Но не все были так лояльны. Среди интеллектуалов, студентов и внутри отдельных партий Большая коалиция стала настоящим «пугалом». Гюнтер Грасс утверждал, что этот «пошлый брак» подтолкнул СЕПГ к самому мощному внутрипартийному кризису со времени возникновения СЕПГ [22]22
Социалистической единой партии Германии. – Прим. пер.
[Закрыть]. Председателю СДПГ пришлось прибегнуть к помощи полиции, поскольку впавшие в ярость молодые социалисты попытались штурмовать штаб-квартиру партии. В Берлине студенты под эгидой социал-демократического профсоюза протестовали против «предательства товарищей» и «против союза ХДС – СДПГ». Среди протстующих был и сын Вилли Брандта, Петер Брандт. В это же время в Майнце и Франкфурте демонстранты скандировали: «Вилли, Вилли, отдай нам наши голоса обратно!» Они не могли простить социал-демократам, что те после 17 лет ожесточенного сопротивления гарантировали «продолжение господства ХДС» и стали «прислужниками Кизингера и Штрауса». Несколько тысяч соратников отказывались повиноваться Брандту и Венеру.
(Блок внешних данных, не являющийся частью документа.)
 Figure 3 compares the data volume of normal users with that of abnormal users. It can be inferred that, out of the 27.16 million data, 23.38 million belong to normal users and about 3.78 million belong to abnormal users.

Насколько сложно социал-демократам стало прийти к соглашению со своими новыми партнерами, показало голосование по поводу договора коалиции, составленного на базисе, который был полностью претворен в жизнь правительством лишь через полтора года на съезде партии в Нюрнберге: 173 голосов за, 129 – против. С другой стороны, члены ХДС все громче заявляли: «Вначале появится черно-красный союз, потом красно-черный, а потом красные будут управлять в одиночку», – пророчествовал Штраус.
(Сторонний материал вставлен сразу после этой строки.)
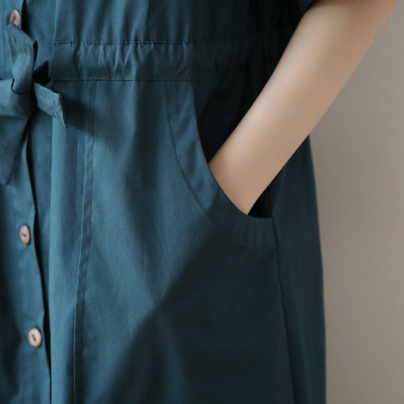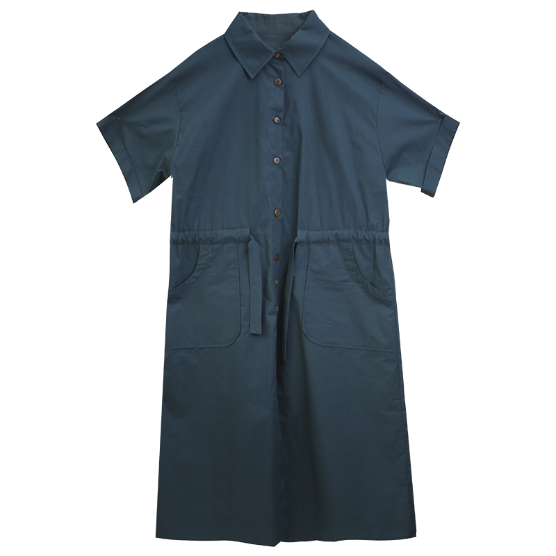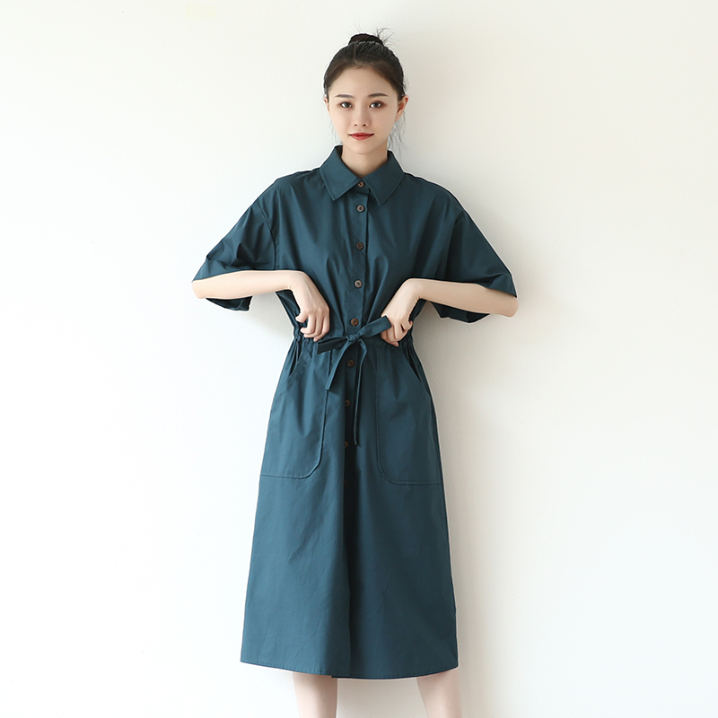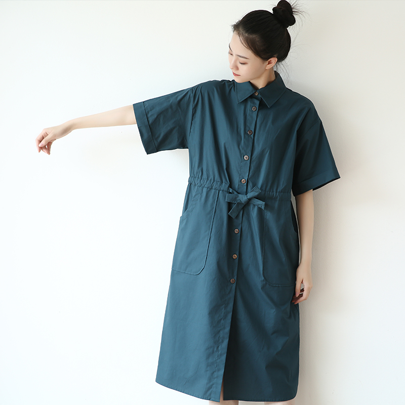SUIN2024夏新复古文艺休闲宽松大码显瘦棉衬衫式中长短袖连衣裙女

Помимо всего этого то и дело раздавался глас вопиющего в пустыне по поводу того, что союз могущественного большинства есть «грехопадение демократии». И в самом деле, нормальное взаимодействие сил между правительством и оппозицией было нарушено. Большая коалиция располагала голосами 447 депутатов, другими словами, 90 % голосов бундестага. СПГ могла противопоставить этому лишь 49 голосов. Следовательно, эта партия выбыла из игры. В одиночку она не могла ни требовать созыва наблюдательной комиссии, ни принуждать к внеплановым парламентским заседаниям. Правительственное большинство, напротив, имело возможность самостоятельно менять статьи конституции, для чего необходимы две трети голосов бундестага. Хотя обе сильнейшие фракции и возглавлявшие их Райнер Барцель и Гельмут Шмидт и заботились о том, чтобы правительство не выходило за рамки дозволенного. Шмидт даже писал, что «никогда прежде у парламента не было настолько решительного противовеса правительству». Тем не менее Большая коалиция была исключением из парламентских правил.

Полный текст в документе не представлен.